- [Exercise input]
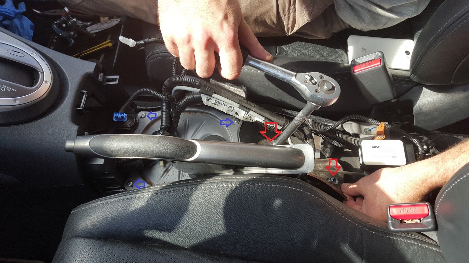 מורידים בלם יד (לא לפני שמודאים שהרכב לא יסע לשום מקום) ובעזרת בוקסה 12 פותחים את הברגים המקבעים את ידית בלם היד למקום (חצים אדומים).
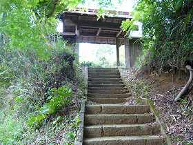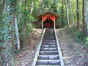 | 長福寺の登り口。この寺院の東側背後の山が砦Vとなっている。長福寺は居館区のようなものであったろうか。 | 砦Wの諏訪神社。 |
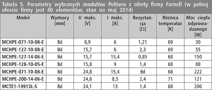Tabela 5. Parametry wybranych modułów Peltiera z oferty firmy Farnell (w pełnej ofercie firmy jest 40 elementów, stan na maj 2014)
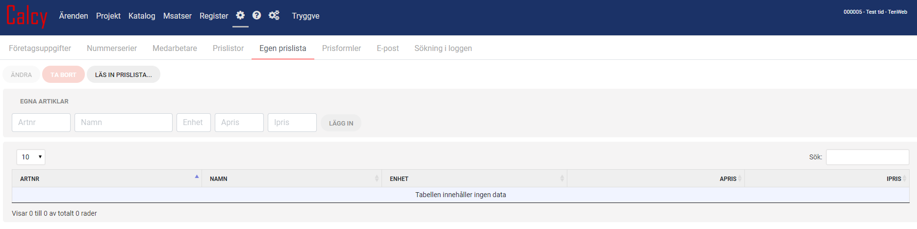 Egen prislista
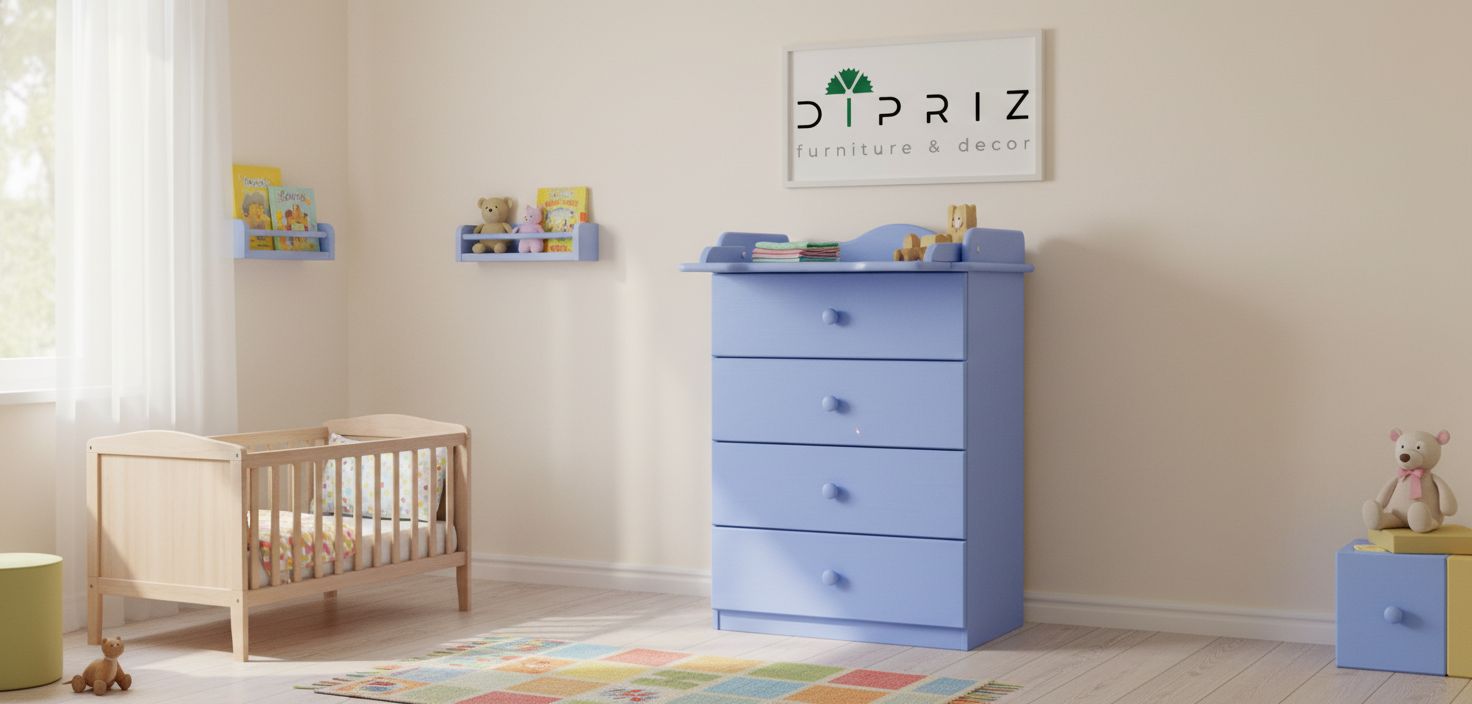 Пеленальный комод «Алиса» в нежно-синем цвете от белорусского производителя Диприз — это идеальное сочетание экологичности, функциональности и современного дизайна для детской комнаты.
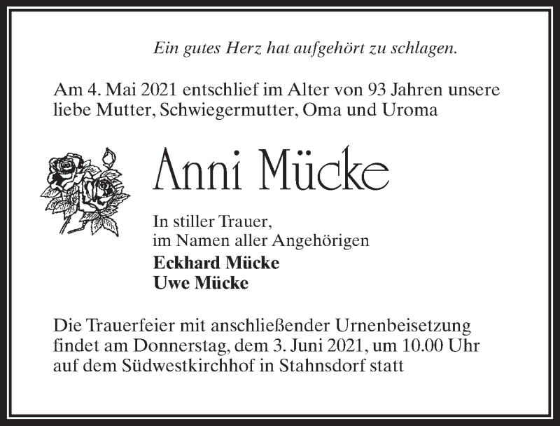 Hier finden Sie alle Traueranzeigen aus der Zeitung, die bisher für Anni Mücke erschienen sind. Weitere Traueranzeigen, die in der Zeitung erscheinen, werden hier ebenfalls aufgelistet
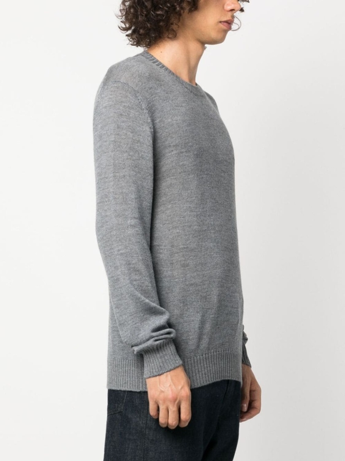 Темно-серый, тонкая вязка, круглый вырез, длинные рукава и подол в рубчик.
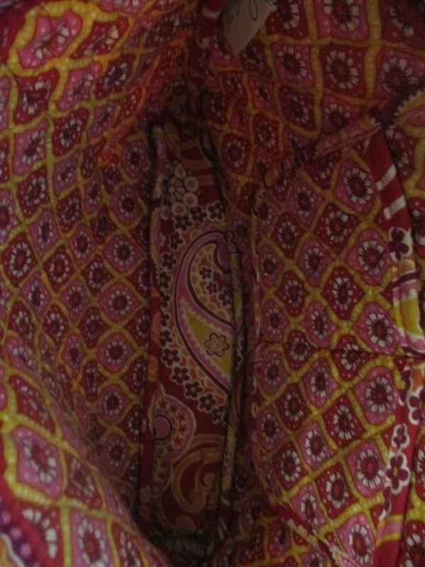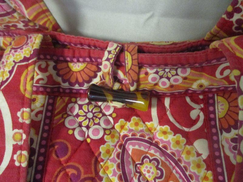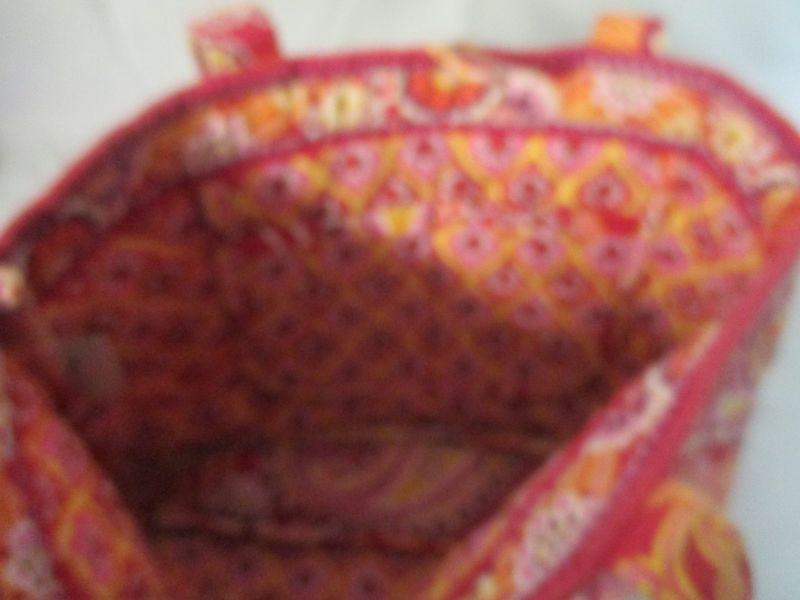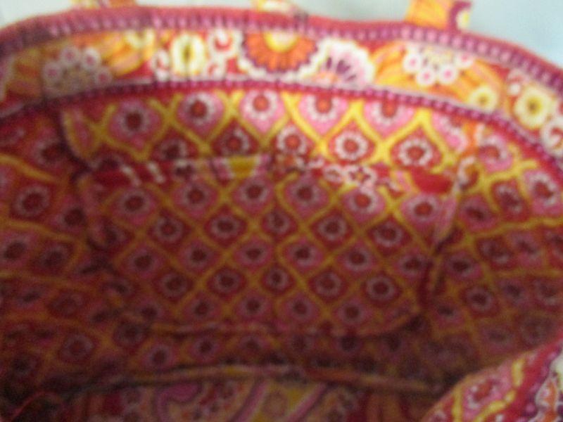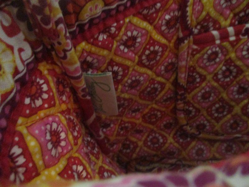 This one does have the interior tag identifying it as Vera Bradley. The only issue that I saw was very faint "dirt" on the handle. Most likely could be quickly cleaned with a damp washrag.
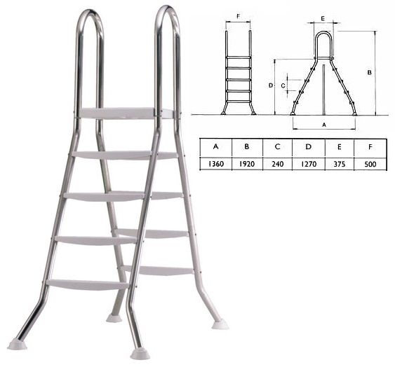 Létra rozsdamentes kétágú 4+4 fokos medenceméret 120cm 05521
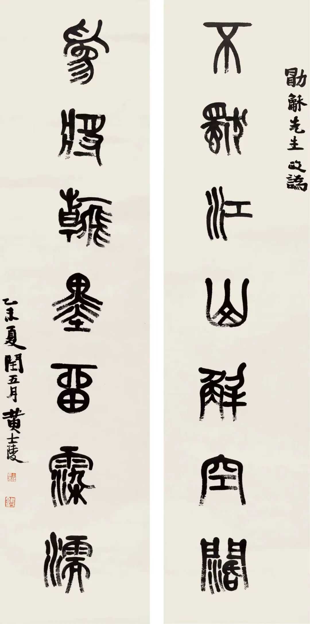 款识“勖龢先生政譌,乙未夏闰五月”知为1895年闰五月所作。此联亦著录于《黄牧甫年表》,载于张华庆主编的《中国大书法:百年人物存公论》P102。
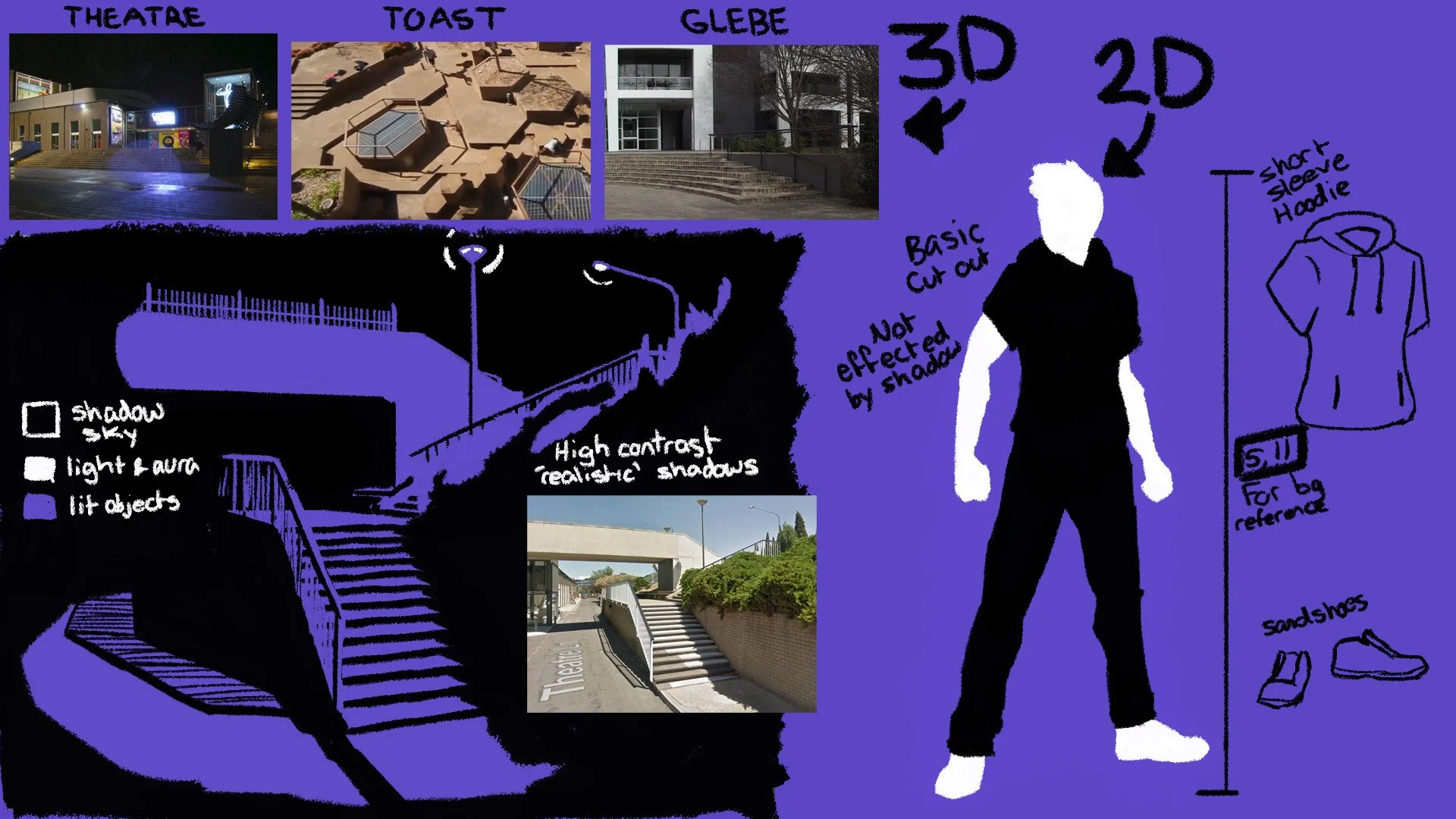 This project was a study of parkour, specifically the parkour scene in Civic Canberra. It’s mixed media and used a 3D modeled environment with a 2D character in it. The 3D environment is modeled as accurately to the real life place as possible, a location the local parkour-ites call ‘Toast’ (cause there used to be a store called toast there).
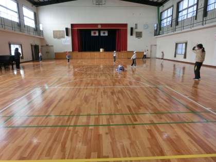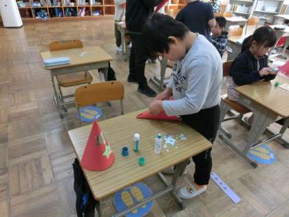 1・2年生は体育館でおにごっこ、3年生は、クリスマス会の小道具づくりに夢中です。
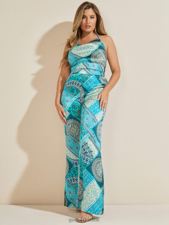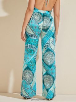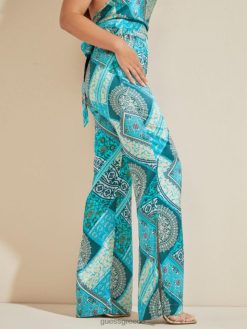 GUESS γυναίκες μεταξωτό παντελόνι mykonos mykanos blue combo ενδύματα J46DJ2191

- [What this task involves] Above are records; write out the lines from the one with "Egen prislista" down to the one with "для детской комнаты.", exactly, leaving the pictures out.

- [Solution to this problem]
 Egen prislista
 Пеленальный комод «Алиса» в нежно-синем цвете от белорусского производителя Диприз — это идеальное сочетание экологичности, функциональности и современного дизайна для детской комнаты.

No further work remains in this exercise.